Wednesday, October 14, 2009

first my cards, then my mind.

This is a telephone conversation I had last evening.

Me: Hello.

Extra chirpy lady voice, sounding like she’s just popped acid: Hello. Welcome to ShittyBank. To hear this message in English, please dial 1, to hear it in Hindi, please dial 2.

I press 1.

Acid lady: We have a new menu. Please listen carefully. If you have a savings account with us, please dial 1...

Me: yes, yes.

And I punch 1.

Acid lady: To payments dial 1, for loans dial 2, for blah blah dial 3 and 4, for loss of card dial 5...

I frantically punch 5.

Acid lady: For credit card loss, dial 1. For ATM card loss, dial 2.

I’m torn between 1 and 2. I’ve lost both. Finally I press 1.

First Kenny G plays into my ear. Then another voice tells me this call might be recorded, and then acid lady is back as she talks about home loans and credit cards.

In the mean time I’m having a seizure. Is she connecting me to another machine? Or a person? Or the crime branch?

Finally: Good evening, welcome to ShittyBank. How may I help you?

Me(hysterically relieved): hallelujah, it’s a person. Yes, please help me. I’ve lost my credit card and my ATM card.

Space Cadet: Sure, no problem ma’am. Can you tell me where you lost it?

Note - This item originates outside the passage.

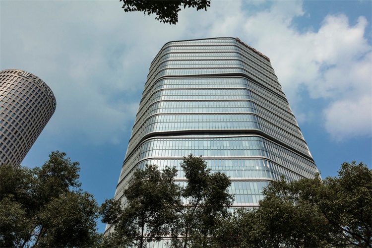 Hangzhou’s elegant tradition of silk production inspired HOK’s design. The building geometryhas a fluid, natural form. Composed in distinctive layers of a minimally detailed exterior glass and metal wall, the tower’s form elicits a soft play of light throughout the day and produces a silk-like veil across the building.
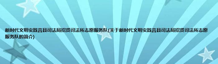 大家好,新时代文明实践莒县司法局招贤司法所志愿服务队,关于新时代文明实践莒县司法局招贤司法所志愿服务队的简介很多人还不知道,现在让我们一起来看看吧!

Silence. What are you, the CID? If I could, would it still be lost?

Me: No, I don’t know where I lost it.

Space Cadet: Okay, can I have your ATM card number.

Me: But I’ve lost it you see.

Space Cadet: Can I have your T-Pin number?

Me: uuuu...I never remember those.

Space cadet: Can I have your thousand digit customer number?

Me: uuuu...not really, don’t remember it.

Space Cadet: Can I have your name?

Me: Yes, sure, it is .......

Space Cadet: Sorry ma’am, can you repeat that?

Me, cursing my parents for the long and complicated name: It is .......

Space Cadet: .......(making up his own version of my name)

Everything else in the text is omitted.